*Input data*

================

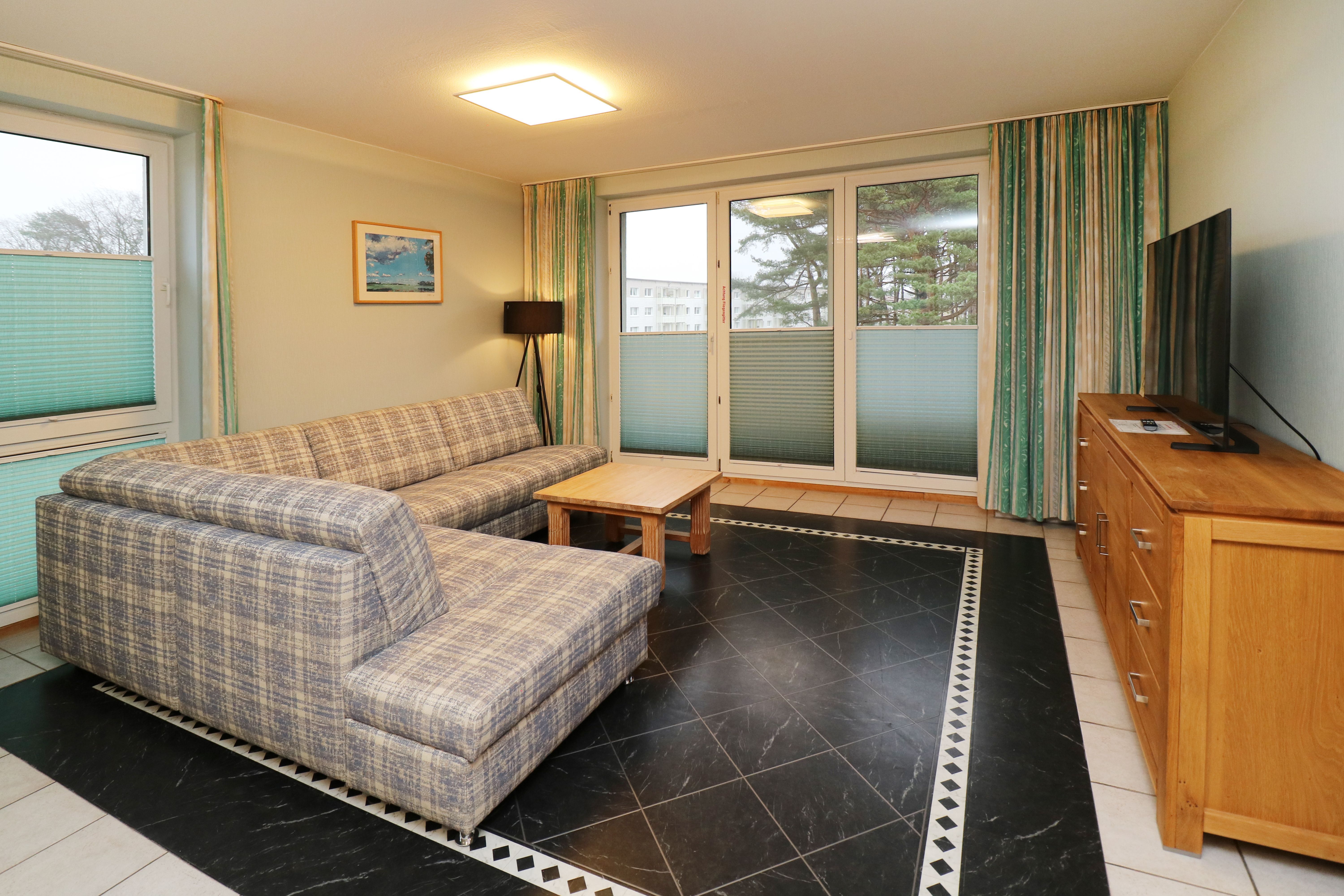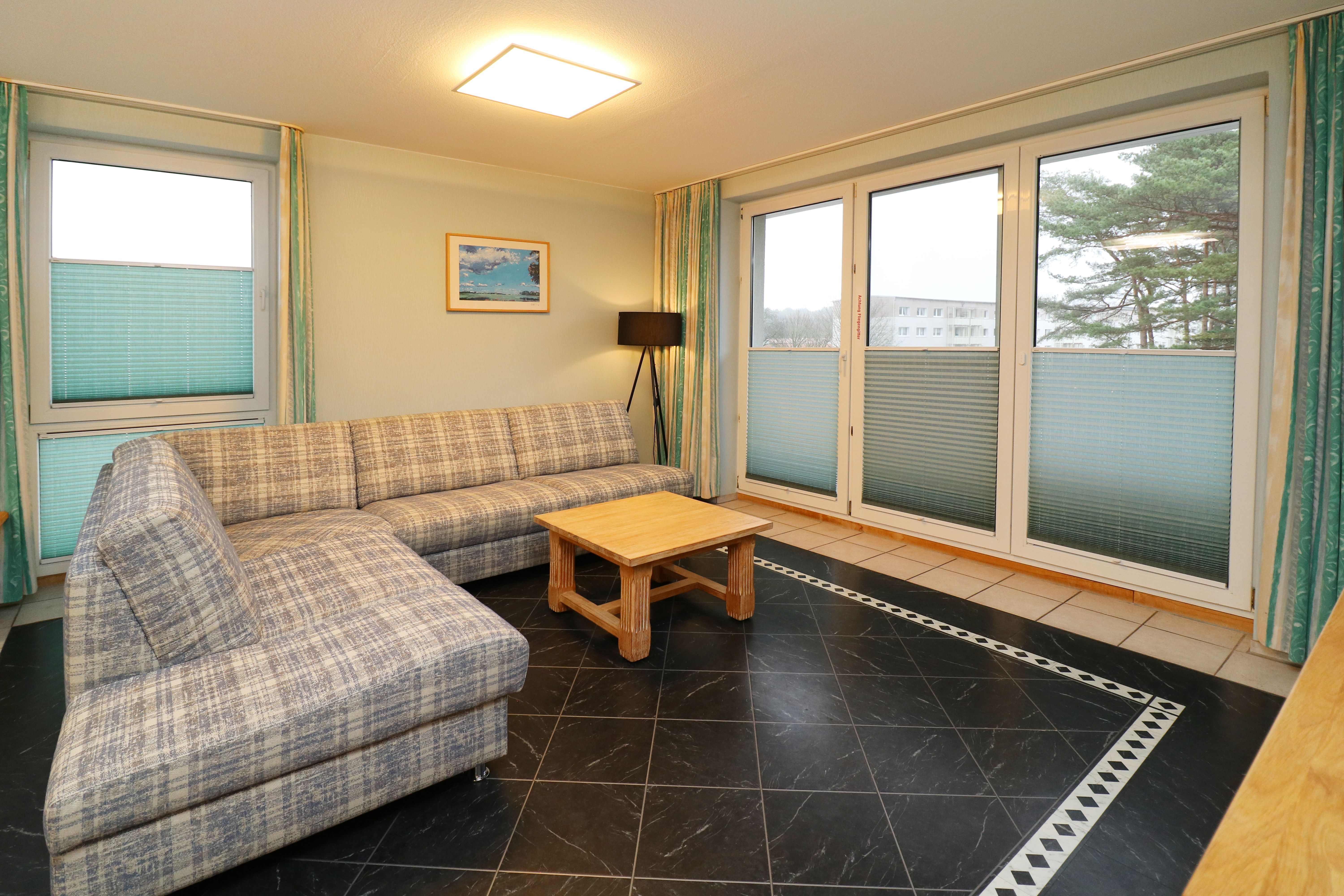 Die Wohnung verfügt über einen großen Balkon zur belebten Strandstraße mit schönem Weitblick.
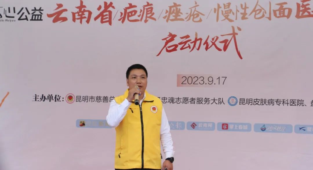 为进一步织密民众皮肤健康保障网、以多领域、贴心化、定制化的社区服务,把关爱皮肤病患者公益行动更加具体化、落地化,9月17日上午,百万心公益 | 云南省疤痕/痤疮/慢性创面医疗援助工程第一站社区启动仪式及专病义诊开诊仪式在盘龙区鼓楼街道桃源社区举行。盘龙区鼓楼街道交三桥社区书记王涛、昆明慈善忆忠魂志愿者服务大队队长周弋戈、副队长王云鹏、昆明皮肤病专科医院侯建凯院长、专家门诊吴潞明教授、百万心公益首例援助患者全国残运杨玉帅等人出席了议程。
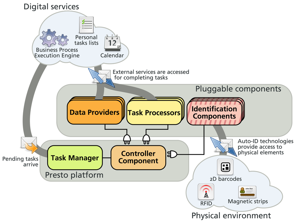 In contrast to these solutions, our approach is capable of supporting multiple tasks and multiple ID-sensing technologies thanks to its pluggable nature. Plug-ins with a well-defined function-support for task—a technology or a data source—can extend the platform to specific requirements. For each task of the business process that a user is in charge of performing, the platform is extended with a plug-in that provides the adequate interaction mechanisms for completing this task. In addition, if a plug-in that supports a new ID-sensing technology is incorporated to the platform, any of the existing tasks in the platform can immediately take advantage of the new technology.
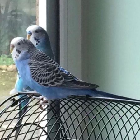 "Fred" is a friendly large plump budgie. She has a blue body with a white/grey head and brown seer. She will call back to her name.
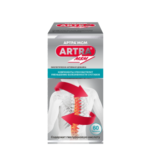 С возрастом, синтез глюкозамина и хондроитина ухудшается, а такой важный элемент как МСМ (метилсульфонилметан – природный источник серы) поступает в организм в ничтожных количествах. Хондроитин и глюкозамин играют важнейшую роль в восстановлении соединительной ткани, улучшают амортизационные свойства хряща, увеличивают подвижность суставов. Артра® МСМ содержит высокие концентрации глюкозамина, хондроитина, гиалуроновой кислоты и метилсульфонилметана (МСМ), которые в комбинации обладают синергическим эффектом, дополняя и усиливая эффекты друг друга.
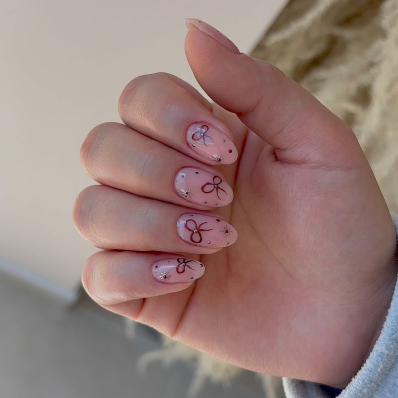 Satin red nails paired with milky pink and white bases, topped with bold burgundy dots and tiny ribbon accents.

================

*Task brief*
Exactness is what counts here: copy each entry as given and omit its pictures.

*Written response*
 Die Wohnung verfügt über einen großen Balkon zur belebten Strandstraße mit schönem Weitblick.
 为进一步织密民众皮肤健康保障网、以多领域、贴心化、定制化的社区服务,把关爱皮肤病患者公益行动更加具体化、落地化,9月17日上午,百万心公益 | 云南省疤痕/痤疮/慢性创面医疗援助工程第一站社区启动仪式及专病义诊开诊仪式在盘龙区鼓楼街道桃源社区举行。盘龙区鼓楼街道交三桥社区书记王涛、昆明慈善忆忠魂志愿者服务大队队长周弋戈、副队长王云鹏、昆明皮肤病专科医院侯建凯院长、专家门诊吴潞明教授、百万心公益首例援助患者全国残运杨玉帅等人出席了议程。
 In contrast to these solutions, our approach is capable of supporting multiple tasks and multiple ID-sensing technologies thanks to its pluggable nature. Plug-ins with a well-defined function-support for task—a technology or a data source—can extend the platform to specific requirements. For each task of the business process that a user is in charge of performing, the platform is extended with a plug-in that provides the adequate interaction mechanisms for completing this task. In addition, if a plug-in that supports a new ID-sensing technology is incorporated to the platform, any of the existing tasks in the platform can immediately take advantage of the new technology.
 "Fred" is a friendly large plump budgie. She has a blue body with a white/grey head and brown seer. She will call back to her name.
 С возрастом, синтез глюкозамина и хондроитина ухудшается, а такой важный элемент как МСМ (метилсульфонилметан – природный источник серы) поступает в организм в ничтожных количествах. Хондроитин и глюкозамин играют важнейшую роль в восстановлении соединительной ткани, улучшают амортизационные свойства хряща, увеличивают подвижность суставов. Артра® МСМ содержит высокие концентрации глюкозамина, хондроитина, гиалуроновой кислоты и метилсульфонилметана (МСМ), которые в комбинации обладают синергическим эффектом, дополняя и усиливая эффекты друг друга.
 Satin red nails paired with milky pink and white bases, topped with bold burgundy dots and tiny ribbon accents.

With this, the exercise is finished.